Many have already spoken about Love Wins (Love Wins: A Book About Heaven, Hell, and the Fate of Every Person Who Ever Lived, Robert H. Bell Jr., HarperOne, 2011), and many will continue to talk in coming weeks and months.
I haven’t yet decided whether to post a running review by chapter (a device originated by other bloggers), but will address here my initial thoughts, then review the rest of the book at a later time.
Many might be familiar with Rob Bell because of his other books (Sex God, Velvet Elvis, Jesus Wants to Save Christians), or through his video shorts (NOOMA). Love Wins has gotten much advance publicity because of speculation (based upon Bell’s own releases) that in this book he champions a universalist theory of salvation.
We will see. If the views espoused in his previous books are any indication, his proposing such an idea would not be a huge surprise.
I can tell, at any rate, that reading Love Wins will not inspire in me an emotion consistent with the title: in fact, reading Bell will make me angry.
Not because Bell challenges us to examine an orthodox belief and make sure that the Scriptures actually teach it, but because he challenges us to examine an orthodox belief and determine whether we like it.
From the Preface alone, Bell foreshadows the themes he will apparently expound upon. Bell simplisticly reduces the gospel message to “For God so loved the world…” as the reason that Jesus came.

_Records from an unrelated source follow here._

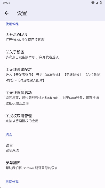 1、安卓10以上系统可以打开无线调试功能,然后输入配对码即可连接,其与Shizuku的激活使用一样
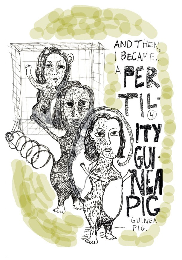 Прямое превращение в «подопытную морскую свинку фертильности», выходящую из клетки-клиники, — это метафора дегуманизации, потери контроля и собственной объективации в процессе лечения.
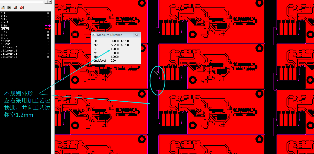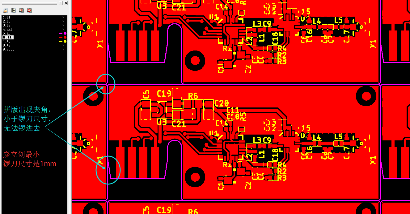 为了提高生产效率,采用连片拼板,但不规则外形常见错误,像有些小角度,斜角外形拼版出现夹角,小于锣刀尺寸它是无法锣进去。(槽刀最小尺寸1.0mm)//m..com/portal/server_guide_4110.html
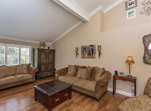 Welcome to this lovely 3 bedroom, 2 bathroom, 1846 sqft home on large lot in desirable Steeple Hill in South Moorpark. As you walk inside you'll know this one is special. There are plantation shutters and crown molding throughout this gorgeous home. The living room has wood-like floors and a vaulted ceiling making it feel even more spacious. Cozy double-sided brick fireplace in living and family rooms. The eat-in kitchen has granite counters with beveled edges, stainless steel appliances, full tiled backsplash, recessed lights and center island. The adjacent family room has new slider door and vaulted ceiling. There is a laundry room conveniently located off the kitchen. The master bedroom has ceiling fan, vaulted ceiling, new slider door and 2 closets, one of which is a walk-in. The master bathroom has dual sinks and stall shower. There are 2 nice-sized secondary bedrooms, both with walk-in closets and ceiling fans. The other bathroom has dual sinks and combination tub/shower. 2-car attached garage with shelving and direct access to the home. You'll enjoy entertaining in this large private backyard with covered patio, in-ground spa, grassy area & local mountain views. Close to shops, restaurants, parks, freeways & excellent schools. Welcome Home!
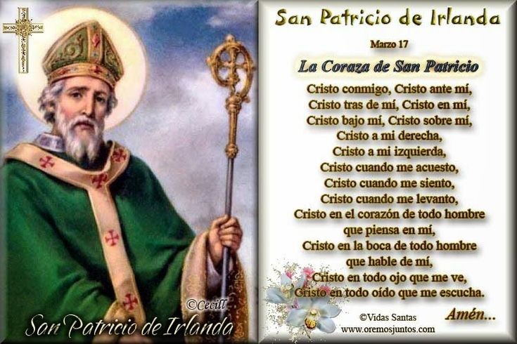 Padre Moises Cuevas Torres y al fondo Oracion en Len. Esta es una muy antigua oración de San Patricio, patrono de Irlanda, que con el paso de los siglos se ha convertido en una plegaria de gran efectividad contr. En el día de San Patricio, el Arzobispo de Dublín y Primado de Irlanda, Mons Eamon Martin, alentó a rezar la oración conocida como “La coraza de San Patricio” para hacer frente al.
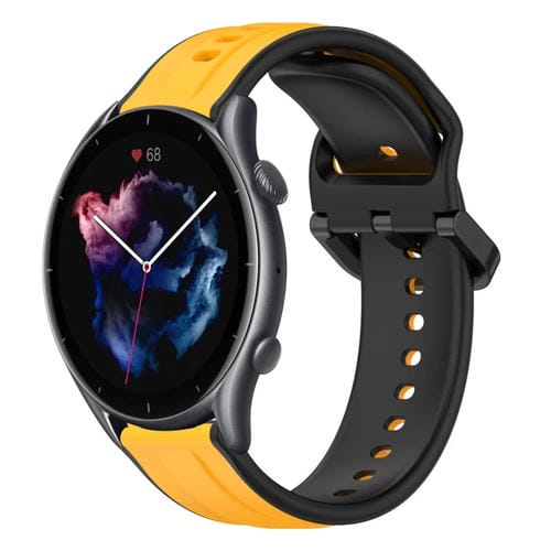 Correa de Reloj Silicona para Amazfit GTR 3 Pro 22mm Dos Colores con Bucle Convexo (Amarillo + Negro)
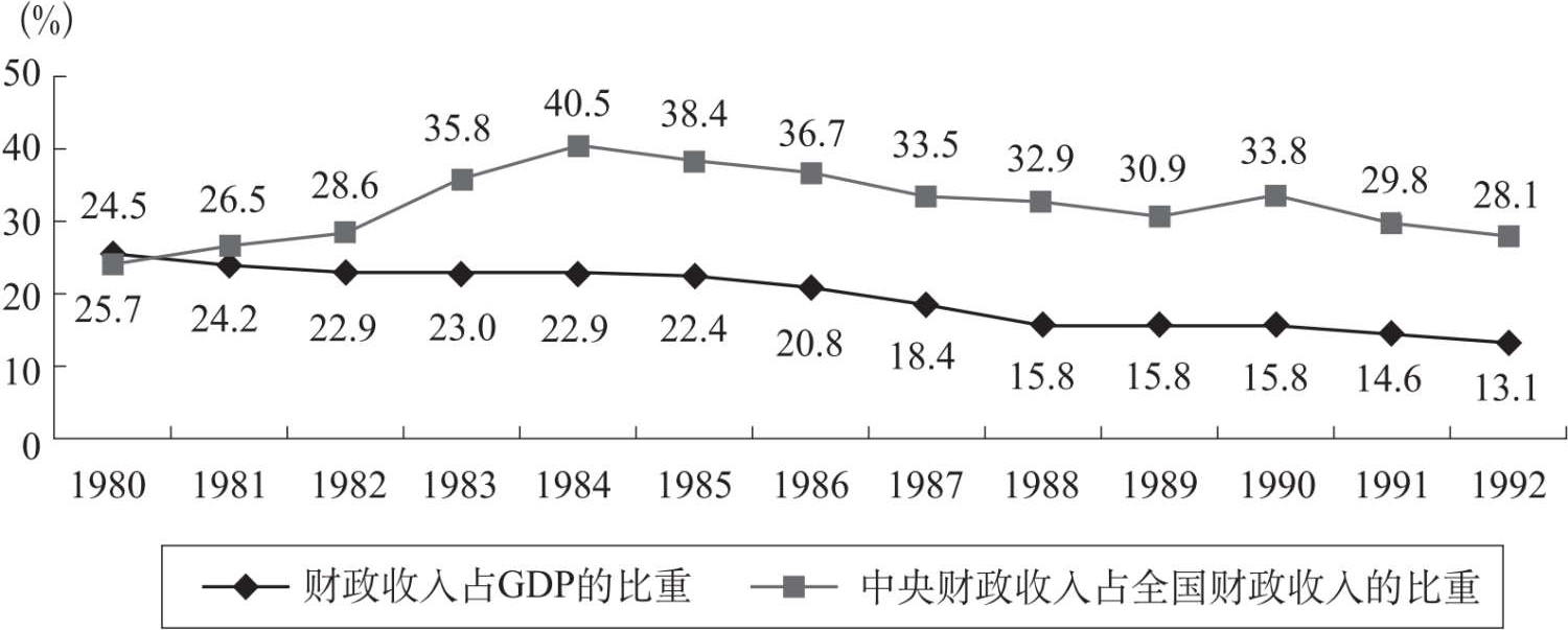 20世纪80年代中期以来,我国财政收入占GDP的比重与中央财政收入占整个财政收入的比重即所谓的“两个比重”出现持续下降,分别从1984年的22.9%和40.5%下降到1992年的13.1%和28.1%(见图1—1),国家财政特别是中央财政陷入严重危机,业已到了濒临“破产”的边缘,中央政府处于前所未有的弱势地位。

This “message”, according to Bell, has been “hijacked” by other stories, presumably included among them those that recognize the biblical storyline that sin has left men under God’s righteous judgment — hence the need for Jesus — and that many will not come to Jesus.
Many people reject the God of the Old Testament who instructs the slaughter of nations because “my God wouldn’t do that!” Bell caters to that sentiment, and even establishes it as the test of truth, by appealing to those who think “I would never be a part of that.”
The idea that some will believe and gain heaven, while others will not believe and will gain hell, is obviously a strange one to Bell — actually, “misguided and toxic” — and to him actually impedes the “real” message of “love, peace, forgiveness and joy.” At the same time, Bell asserts that the faith he describes doesn’t avoid questions about salvation, judgment, heaven and hell. But as Martin Bashir pointed out in his interview, if Bell’s idea is true that God will ultimately prevail over men’s hearts, even post-mortem — if, in fact, Love Wins — then it does not matter one whit what man does during this life.
One of the most troubling aspects of Bell’s approach is that Scripture is not complete as it is. For, you see, all that “white space” between the letters waits to be filled with with our response. That is, the biblical revelation is not complete until we respond to it, and our response might be negative (“I would never be a part of that”). So the final word about the Word is whether man agrees.
Bell is correct that he hasn’t come up with a “radical new teaching”; self-made religion, after all, appeared in the garden.